■ Task description ■
In the records that follow, find the line containing "Secure your hair" and the line containing "A staff member", then transcribe both and every line between them exactly, omitting pictures.

■ Dataset extract ■
++++++++
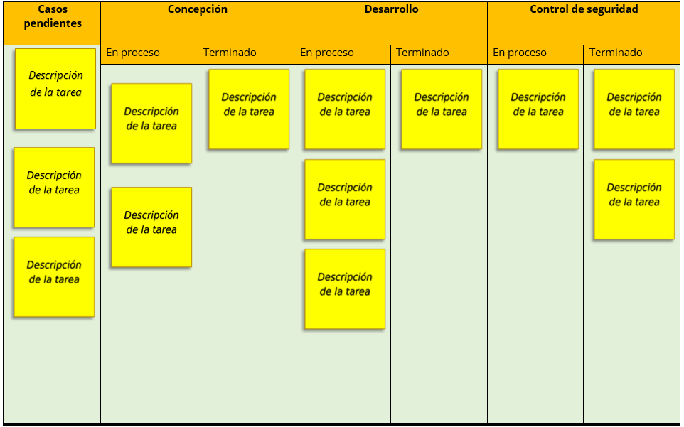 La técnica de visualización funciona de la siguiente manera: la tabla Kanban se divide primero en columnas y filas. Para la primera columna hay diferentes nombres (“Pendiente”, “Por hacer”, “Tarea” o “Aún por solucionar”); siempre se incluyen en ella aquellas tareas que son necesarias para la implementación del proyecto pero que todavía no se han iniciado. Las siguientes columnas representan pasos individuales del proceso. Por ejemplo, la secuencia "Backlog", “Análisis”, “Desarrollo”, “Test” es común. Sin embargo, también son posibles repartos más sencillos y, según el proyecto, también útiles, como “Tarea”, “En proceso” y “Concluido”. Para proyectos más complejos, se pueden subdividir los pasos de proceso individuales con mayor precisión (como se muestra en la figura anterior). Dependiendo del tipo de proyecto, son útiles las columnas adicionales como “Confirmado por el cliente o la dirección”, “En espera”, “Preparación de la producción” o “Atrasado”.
++++++++
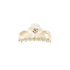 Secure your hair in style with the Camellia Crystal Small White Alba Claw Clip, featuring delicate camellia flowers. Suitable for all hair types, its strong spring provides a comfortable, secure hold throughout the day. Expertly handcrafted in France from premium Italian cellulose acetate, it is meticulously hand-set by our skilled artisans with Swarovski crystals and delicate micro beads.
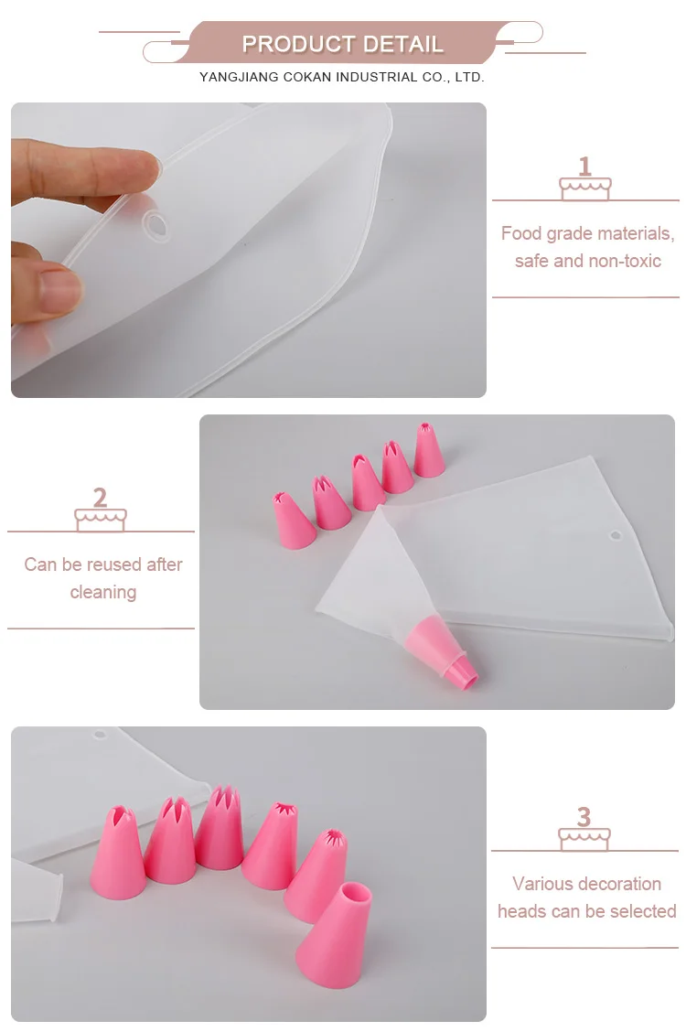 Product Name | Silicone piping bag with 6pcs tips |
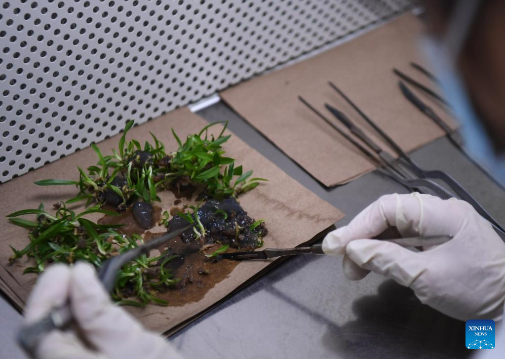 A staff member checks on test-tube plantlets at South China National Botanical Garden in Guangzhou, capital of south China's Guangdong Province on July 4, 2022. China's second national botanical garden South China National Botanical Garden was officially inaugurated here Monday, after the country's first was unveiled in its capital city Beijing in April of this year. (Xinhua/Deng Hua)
++++++++
■ Task result ■
 Secure your hair in style with the Camellia Crystal Small White Alba Claw Clip, featuring delicate camellia flowers. Suitable for all hair types, its strong spring provides a comfortable, secure hold throughout the day. Expertly handcrafted in France from premium Italian cellulose acetate, it is meticulously hand-set by our skilled artisans with Swarovski crystals and delicate micro beads.
 Product Name | Silicone piping bag with 6pcs tips |
 A staff member checks on test-tube plantlets at South China National Botanical Garden in Guangzhou, capital of south China's Guangdong Province on July 4, 2022. China's second national botanical garden South China National Botanical Garden was officially inaugurated here Monday, after the country's first was unveiled in its capital city Beijing in April of this year. (Xinhua/Deng Hua)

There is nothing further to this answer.